‘Yürüyüşünüz yalan söylemez’
Erling Kagge'nin 'Yürümek Adım Adım' kitabı Oğuz Tecimen çevirisiyle Kolektif Kitap tarafından yayımlandı.
Yürümek, adım saymak ve spor yapmaktan çok daha fazlası; bu eylemin bir derinliği, anlamı, felsefi bir tarafı, arayışa denk gelen bir boyutu ve tavır almayla ilgili bir yanı var. Rebecca Solnit'in "bedenin ve zihnin dünya tarafından meşgul edilmediği bir eylem" diye tanımladığı yürüyüş, bazen tam da bu meşguliyeti içerebiliyor.

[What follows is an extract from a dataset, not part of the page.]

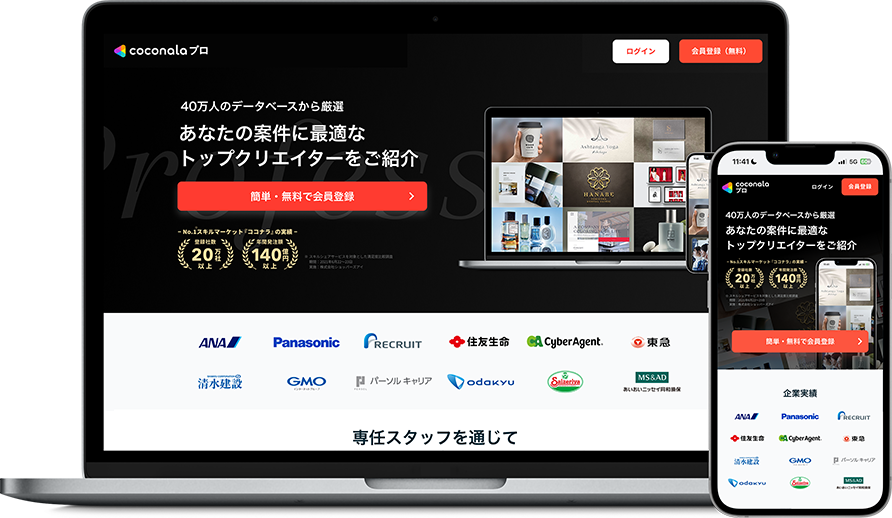 実名トップクリエイターをご紹介厳選されたトップクリエイターにロゴや動画、Webサイトなど制作系案件を依頼できるサービス。契約主体は当社となるため、あらゆる面でのクオリティ担保を実現しており、ビジネスシーンにおいても安心してご利用いただけます。

Şair Gary Snyder’a göre yürümek, "doğaya ve yabana saygı" anlamına gelirken Henry David Thoreau ise bu eylemi, "kişinin içindeki yabana doğru seyahati" olarak tanımlıyor. Benliği güçlendiren, kimi anlarda ise atıllaştıran yürüyüş, zaman ve mekandan uzaklaşma sayılabileceği gibi bu ikisinin merkezine hareket halini de alabiliyor.
Frédéric Gros, yürüyüşü bu bağlamda benliğin engebelere aidiyetini ortaya çıkaran edim diye niteliyor. Gros’a göre kişi, yürürken kalabalıklar içinde yolunu buluyor bazen de kalabalıkları yararak ilerliyor.

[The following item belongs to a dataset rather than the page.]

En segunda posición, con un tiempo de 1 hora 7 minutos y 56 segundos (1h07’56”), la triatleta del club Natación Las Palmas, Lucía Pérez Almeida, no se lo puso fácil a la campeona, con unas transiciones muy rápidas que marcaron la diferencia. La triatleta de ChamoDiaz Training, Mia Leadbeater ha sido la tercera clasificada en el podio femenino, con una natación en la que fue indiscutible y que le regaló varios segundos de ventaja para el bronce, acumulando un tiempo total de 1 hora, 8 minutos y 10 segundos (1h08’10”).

Kutup noktalarına ve Everest Dağı’nın zirvesine çıkan ilk kaşif olan Norveçli Erling Kagge, medeniyeti ve moderniteyi sorguladığı yürüyüşlerinin, içindeyken dünyayı dışarıda bırakma anlamı taşıdığını söylüyor. Başka bir deyişle sessizliği ve dinginliği arayan Kagge, ötelenen tek başınalığa ve sakinliğe ulaşmayı çabalıyor.

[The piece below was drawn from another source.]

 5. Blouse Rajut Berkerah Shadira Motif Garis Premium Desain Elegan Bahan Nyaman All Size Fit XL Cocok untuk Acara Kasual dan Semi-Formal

'Gürültü Çağında Sessizlik' (Çeviren: Nezihat Bakar-Langeland, Alfa Yayınları, 2020) gibi 'Yürümek Adım Adım' da Kagge’nin sorularına yanıt bulma uğraşının kâğıda dökülmüş hâli. Kagge, metinlerinde hem edebi bir yolculuğa çıkıyor hem de onca deneyimine rağmen hâlâ yürümeyi öğrendiğini açıklıyor.
PAZARLANAN SESSİZLİĞE KARŞI SÜKÛNET
Kagge, "Yürüme sayesinde bugün olduğumuz varlıklar haline geldik, bizi biz yapan şey yürümek; dolayısıyla yürümeyi bıraktığımızda muhtemelen başka bir şeye dönüşeceğiz" diyor. Yazara göre hayatımızda öğrendiğimiz "en tehlikeli iş" yürümek. Keşfetmek, kişiliğin oluşumu ve bulmak için hareket etmek de hep bununla bağlantılı. İnsanı Homo Sapiens’e dönüştüren şey bu aslında: Yürüyen, ateş yakan, yemek yapan ve sonra da dili öğrenen insan… Kagge, yürüyüş-dil bağlantısı kuruyor bu babta: "Hayat tek bir uzun yürüyüştür. İnsanların oluşturduğu diller bu fikri yansıtır."
Acı çekerken, mutluyken, çelişkiye düşünce ve arananlar bulunduğunda "dünyanın sonuna kadar yürüyor" insan. İç ve dış sessizliğe ulaşmaya çabalayan Kagge, yürüyüşün ömrü uzattığını, hafızayı keskinleştirdiğini, tansiyonu düşürdüğünü ve bağışıklığı güçlendirdiğini anlatıyor.
Kagge’nin anlattıkları, özgürlüğün ayak izlerini getiriyor karşımıza; yavaş hareket edilen, dünyanın insana daha hafif ve sakin geldiği, herkesin ve her şeyin unutulduğu anları hatırlatıyor. Pazarlanan sessizlik yerine durup düşünmeye fırsat veren sükûneti, adımsayarlar ve akıllı telefon uygulamalarıyla kapitalizmin ağına düşürülen hareket yerine, bakıp görmeyi ve anlamayı sağlayan; zamanı esnetip genişleten ve mekânı büyüten yürüyüşü koyuyor: "Google Haritalar uygulamasını kullandığımda bulunduğum yeri daima biliyorum, çoğu zaman çevremden çok ekrana bakıyorum. Ama telefonumu evde bıraktığımda, başımı kaldırıp önüme bakmak zorunda kaldığımda, bütün mevcudiyetimle anın içinde oluyorum. Dünya genişliyor. Birdenbire mahalleyi, şehri, ormanı tanımaya başlıyorum."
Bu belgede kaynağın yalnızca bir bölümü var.